Low-risk thyroid cancers are treated with surgery alone or active surveillance (following the cancer with ultrasound and deferring surgery until the cancer grows significantly). Recently, studies reported the use of thermal ablation techniques to treat small thyroid cancers. In this study, the authors compared the long-term cancer outcomes and complications of microwave ablation vs surgery in patients with small, low risk thyroid cancers.

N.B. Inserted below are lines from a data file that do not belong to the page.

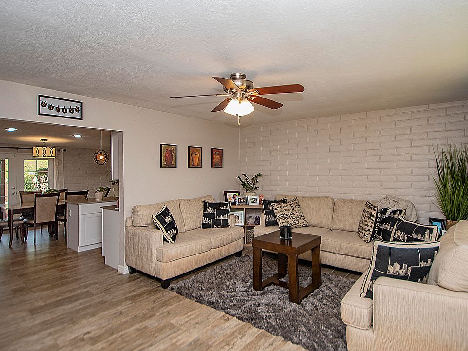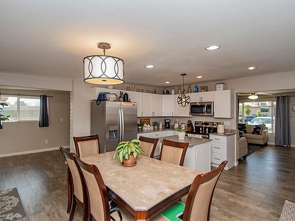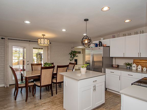 Spectacular masonry home in a quiet cul-de-sac. Spacious floor plan with wood looking cramic tile flooring. Newer carpet in the bedrooms. Large family room features brick fire place off kitchen for easy entertaining. Kitchen features newer kitchen cabinets, island offering plenty of storage, quartz counter-tops with under-mount sink and stainless steel appliances. Brushed Nickel light fixtures, celing fans throughtout. Dual pane windows throughout and French doors that will take you to the large back yard with a fire pit, fruit trees, storage shed and increadible mountain views. 2-10 Home Warranty included for 1 year.
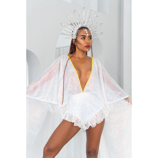 Floaty White Sequin Playsuit Cape
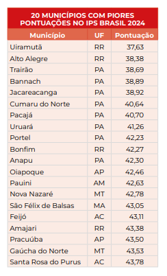 Além de Uiramutã, Alto Alegre, também em Roraima, e Trairão, no Pará, estão entre os piores índices apresentados. O Estado do Pará é o mais frequente na tabela, com oito municípios indicados no ranking dos 20 índices mais baixos. No Amazonas, o município de Pauini, localizado a 923 quilômetros da capital Manaus aparece na 13ª posição. Veja abaixo:
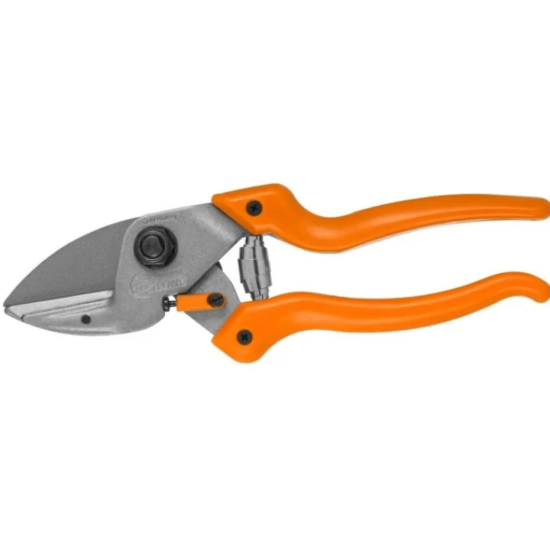Forbice con taglio a battente e manici regolabili in larghezza. Questa forbice dalla linea snella è particolarmente comoda grazie allo speciale meccanismo di sostituzione della lama: se posizionata più esternamente, è sufficiente svitare un dado per sostituirla senza essere costretti a smontare l’intera forbice. Inoltre, i manici regolabili in larghezza e la forma differente del manico superiore e inferiore permettono una presa salda ed estremamente comoda. Una forbice di nuova generazione con un taglio a battente centrale sempre perfetto. – Forbice in cromo vanadio – Manici in plastica dura resistent,e regolabili in larghezza Lunghezza: 20 cm Diametro max di taglio: 25 mm Peso: 240 g

Fei YL et al. Propensity-matched comparison of microwave ablation and surgical resection for pre-operative T1N0M0 papillary thyroid carcinoma: 5-year follow-up. Eur Radiol. Epub 2025 Aug 6;

HYPOPARATHYROIDISM .
Emergency room visits for hypoparathyroidism: learning from California’s long-term data

Short-term hypoparathyroidism after surgery is relatively common and usually resolves in 1-2 weeks after surgery. Permanent hypoparathyroidism is rare, associated with 1-2% of total thyroidectomies performed by experienced, high volume thyroid surgeons. In this study, the authors analyzed the data of Emergency Department (ED) visits for postoperative hypoparathyroidism up to 2 years after surgery with the goal to comprehend demographic, clinical, and surgical factors associated with these visits.
Woods AL, et al. Hypoparathyroidism After Total Thyroidectomy: A Population-Based Analysis of California Databases. J Surg Res 2025;310:268-274; doi: 10.1016/j.jss.2025.03.061. PMID: 40327904.